Activity: Any pictures in the records below must be left out when you repeat the lines from the line containing "- Leichtes H-Geschirr" through the line containing "Adorini valódi bőr" exactly.

Dataset extract:
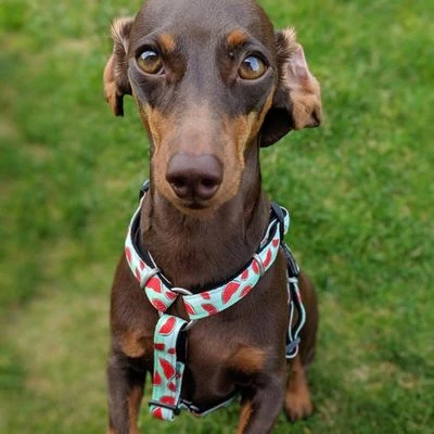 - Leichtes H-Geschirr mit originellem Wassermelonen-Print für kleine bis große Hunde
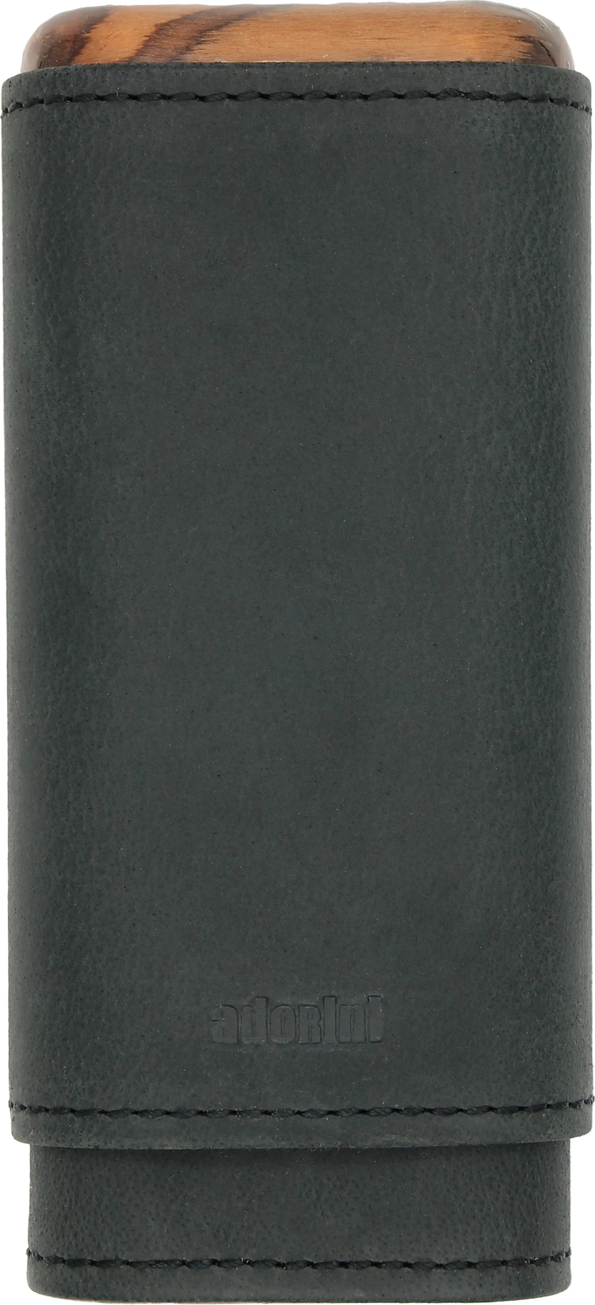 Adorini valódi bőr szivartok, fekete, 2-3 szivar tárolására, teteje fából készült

==

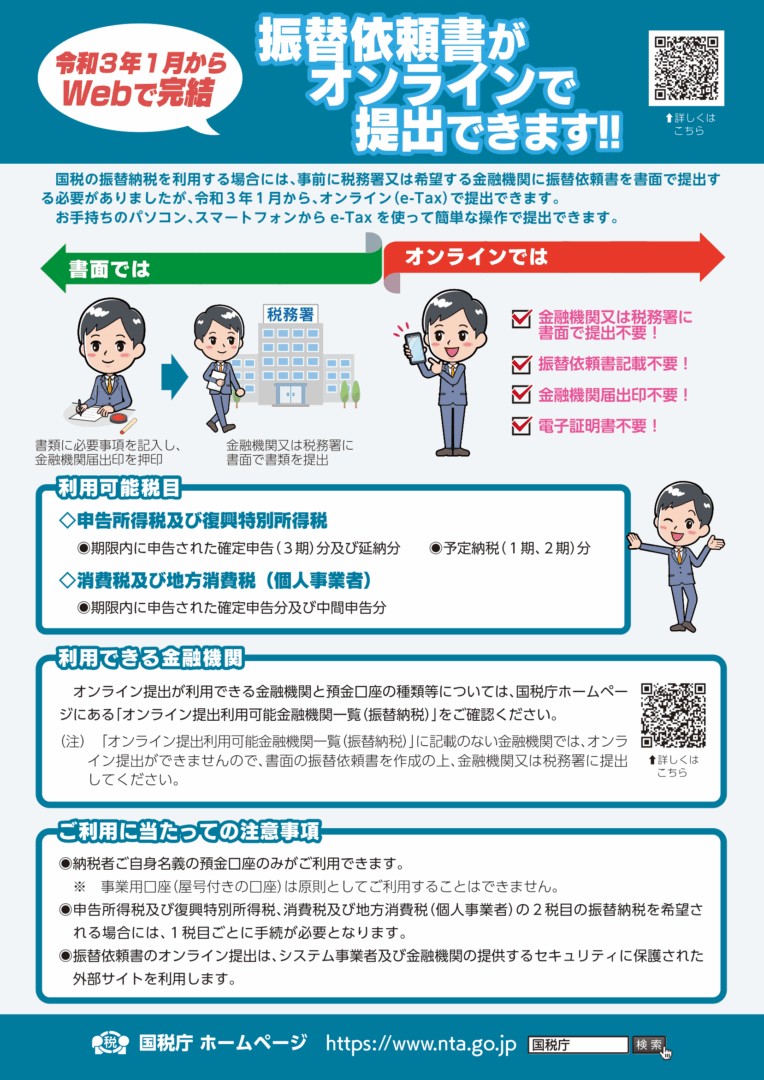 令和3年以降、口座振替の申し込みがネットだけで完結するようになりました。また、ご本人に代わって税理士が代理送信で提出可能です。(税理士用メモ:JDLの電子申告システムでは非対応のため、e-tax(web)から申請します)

Result of the exercise:
 - Leichtes H-Geschirr mit originellem Wassermelonen-Print für kleine bis große Hunde
 Adorini valódi bőr szivartok, fekete, 2-3 szivar tárolására, teteje fából készült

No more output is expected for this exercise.